# [What you are asked to do]
A full, word-for-word copy of the listing below is needed; leave the images out of it.

# [Exercise data]
============================================================
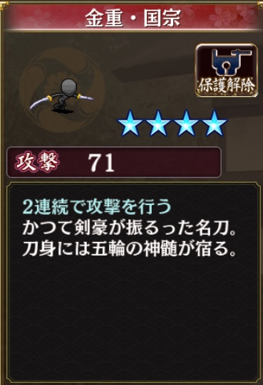 金重・国宗:攻撃71、特殊効果なし。解説は「2連続で攻撃を行う。かつて剣豪が振るった名刀。刀身には五輪の神髄が宿る」
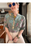 Ragazza Yaprak Desen İtalyan Gömlek Haki
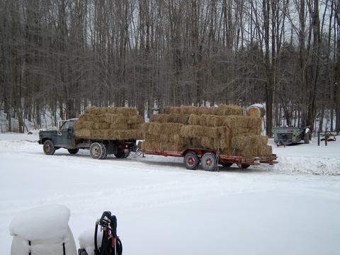 adding about 130 bales of hay to the manure mountain today
============================================================
# [Problem solution]
 金重・国宗:攻撃71、特殊効果なし。解説は「2連続で攻撃を行う。かつて剣豪が振るった名刀。刀身には五輪の神髄が宿る」
 Ragazza Yaprak Desen İtalyan Gömlek Haki
 adding about 130 bales of hay to the manure mountain today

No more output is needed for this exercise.